How biased are the media? Rutenberg gets no more specific than this: “The answer, as I see it, is more than they’ll admit to themselves and less than conservatives claim.” That’s not even specific enough to be a middle-ground fallacy: He’s saying media bias ranks somewhere between 1 and 9 on a scale of 0 to 10.

Rutenberg acknowledges that “there . . . tends to be a shared sense of noble mission across the news media that can preclude journalists from questioning their own potential biases.” Again, this is a bit rich coming just two months after Rutenberg’s call for an “oppositional” approach to covering his disfavored candidate. But that doesn’t mean he doesn’t have a point:

“The people who run American journalism, and who staff the newsrooms, think of themselves as sophisticated, cosmopolitan, and, culturally speaking, on the right side of history,” Rod Dreher, a senior editor at The American Conservative, told me. . . .

As far as he’s concerned, mainstream journalists are “interested in every kind of diversity, except the kind that would challenge their own prejudices.” Those include, “bigotry against conservative religion, bigotry against rural folks and bigotry against working-class and poor white people.”

Dreher’s operative definition of media bias is identical to Jim Roberts’s ostensive one. On Sunday Roberts, a former Times assistant managing editor, tweeted: “Yes. The media is biased. Biased against hatred, sexism, racism, incompetence, belligerence, inequality, To [sic] name a few.” Roberts left the Times in 2013, but surely a lot of like-minded people stayed behind in the newsroom.

The media, and not just the Times, have more or less followed Rutenberg’s August advice and become openly oppositional toward Trump—though it would be more accurate to say the parade was already under way when Rutenberg stepped to the front and took on the role of leader. In any case, it raises the question: What next?

That is, assuming Trump loses, do journalists continue in their role as partisans for Hillary Clinton and the Democratic Party, or do they undertake some sort of a correction? Rutenberg urges the latter approach:

American newsrooms will be making a big mistake—and missing a huge continuing story—if they fail to adjust their coverage to better illuminate the concerns of Mr. Trump’s supporters well beyond Election Day.

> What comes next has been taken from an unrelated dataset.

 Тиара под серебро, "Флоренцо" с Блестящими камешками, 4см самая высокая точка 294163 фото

Doing so might begin to build up trust in the news media, which the Gallup Organization reported as hitting a new low in September.

Color us skeptical. Sure, journalistic partisanship will probably not have as sharp an edge in the immediate aftermath of a Trump defeat as in the weeks and months leading up to it. But that’s just a matter of regression toward the mean.

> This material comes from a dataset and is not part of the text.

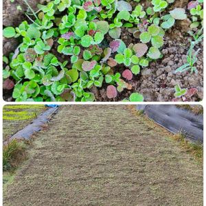 菜の花の種まきに比べて、一面にうまく発芽してきたかも。 ピンクのじゅうたんを夢見て! レンゲ
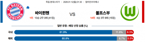 2026-01-12 01:30 분데스리가 바이에른 뮌헨 VfL 볼프스부르크

Consider: After urging an adjustment in coverage (after the election, tellingly), Rutenberg himself immediately calls in addition for “a far more assertive defense from the news media” against “false and misleading political-style attacks that too often are mixed in with the valid criticism.”

That’s not objectionable in itself, and we’d agree with him that some criticism of the media is bogus and unjustified. But if, as Rutenberg acknowledges, journalists have a problem with political bias, why should we expect them to be able to distinguish between “false and misleading political-style attacks” on the one hand and “valid criticism” on the other? To pick on Jim Roberts, who certainly deserves it, he no doubt thought of his tweet as an assertive defense against a misleading political-style attack.

Anyway, it’s a lot easier to yield to your baser instincts, as Rutenberg urged journalists to do in August, than to develop discipline, as he now calls for. The best indication of that is that unlike his August column, this week’s did not appear on the front page.